# RIP Drake AND Alejandro



## danifacetastic (Nov 11, 2010)

So as some of you know Drake died on Friday night. (My ADF that I keep with my betta). He kept getting through the divider with the betta that nipped at him so when he died I assumed my betta either injured him or he was just stressed (I had had him less than a week). Well my other frog was doing fine and he jumped dividers once and got in the same section with the fish that attacked Drake but he seemed fine when I put him back. He was eating two blood worms a day and I had high hopes for him. When I came home today he was sitting on the new rock ornament I put in so I didn't mess with him. When I went to feed him though he didn't move...he was dead.

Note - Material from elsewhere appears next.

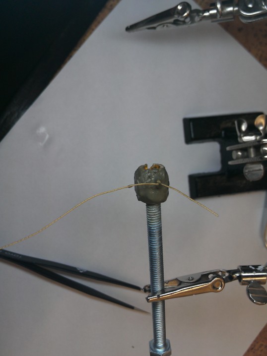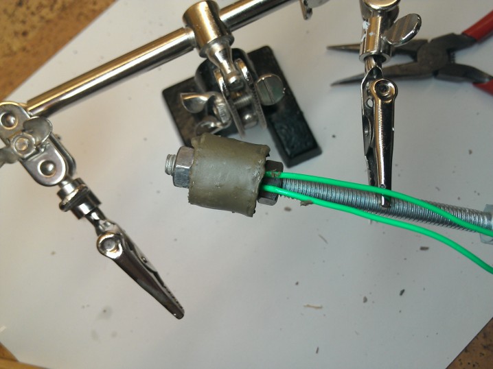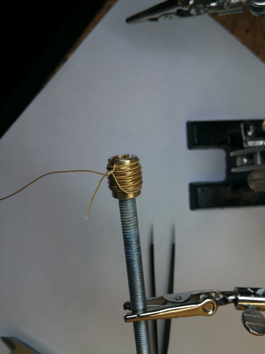 Начнем, намотка нихромовой проволоки на нагревательный штуцер. Тут все просто, витки укладываем в резьбу, стараясь не повредить тряпичную оплетку проволоки.

What do you think went wrong with my two frogs? My fish seem absolutly fine. The one in the middle (with the least surface current) is making bubble nests every day. I don't know if the other two do because the air pump and the filter break up the water too much but they both seem very happy so what happened to my frogs?


----------



## BunniesLair (Jul 20, 2010)

I am so sorry.


----------



## danifacetastic (Nov 11, 2010)

It's alright. I did everything I could. Guess it just wasn't meant to be. Atleast now I don't have to stick my whole arm in the fish tank to feed them haha.


----------



## purplemuffin (Aug 12, 2010)

Honestly, I've never been too into ADFs for that reason--they are hard to 'read'... Both land/tree frogs and fish give better signals when they are sick/stressed than ADFS, so it's hard to know what happened... I'm sorry though, it's sad to lose an animal, and froggies are just so cute.


----------



## LikeDiscoSuperfly (Oct 18, 2010)

I'm sorry hun. =[ 
I have never had luck with them, so dont feel too bad. you did what you could I am sure!


----------



## danifacetastic (Nov 11, 2010)

Yeah. I did everything I knew how haha. It's alright though...they were complicated haha. Way more complicated than the fish.


----------